Star Trek: Strange New Worlds, on the other hand, is just getting started. As the TV franchise’s first live-action return to episodic storytelling in recent years, it’s not only a breath of fresh air in terms of Trek, but for this new age of premiere streaming series as a whole.

With Anson Mount reprising the role he first took over in Season 2 of Discovery, Star Trek: Strange New Worlds renders Christopher Pike one of the most instantly likable captains in Trek history. Actors like Ethan Peck (Spock) and Celia Rose Gooding (Uhura) lend dimension to beloved original series characters while Rebecca Romijn (Una Chin-Riley), Jess Bush (Nurse Chapel), Babs Olusanmokun (Dr. M’Benga), and Gia Sandhu (T’Pring) inject welcome depth into characters we’d previously only seen once or a few times in the show that started it all.

star trek strange new worlds
Jess Bush and Ethan Peck in Star Trek: Strange New Worlds

No, I don’t want Star Trek: Lower Decks or Star Trek: Prodigy on the chopping block either. I genuinely feel Prodigy may be the franchise’s best series, and if there were ever any doubt in my mind that I would love Lower Decks, it was blasted out of my head as soon as Mariner and Tendi opened the third episode, “Temporal Edict,” with a heavy metal jam, as remembered by Memory Alpha. But leaving Trek’s only running series as animated ones feels horribly wrong.

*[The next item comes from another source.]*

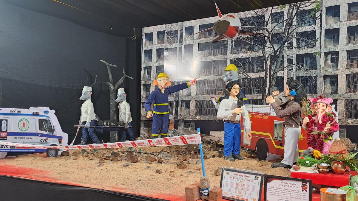 ગણેશ પંડાલમાં આરોગ્ય વિભાગ, મીડિયા, ફાયર, પોલીસ અને વહીવટી તંત્રની કામગીરીને દર્શાવવામાં આવી છે. અહીં દર્શનાર્થે આવતા ભક્તો મૃતકોને શ્રદ્ધાંજલિ અર્પે છે અને ભવિષ્યમાં આવી કોઈ દુર્ઘટના ન બને તે માટે પ્રાર્થના કરે છે. આ એક અનોખો અને પ્રશંસનીય પ્રયાસ છે.

Ideally, Paramount would come out with new series as well because it seems a little ridiculous that in a franchise that’s all about the future, the only surviving live-action series — Star Trek: Strange New Worlds — is a prequel show. But short of the studio finally pulling the trigger on Star Trek: Section 31 or Star Trek: Janeway, Strange New Worlds absolutely needs to survive.

star trek horror
The Gorn in Star Trek: Strange New Worlds

If nothing else, Star Trek: Strange New Worlds made the Gorn cool. You can’t make the Gorn cool and take them away from us. That’s a whole new level of evil.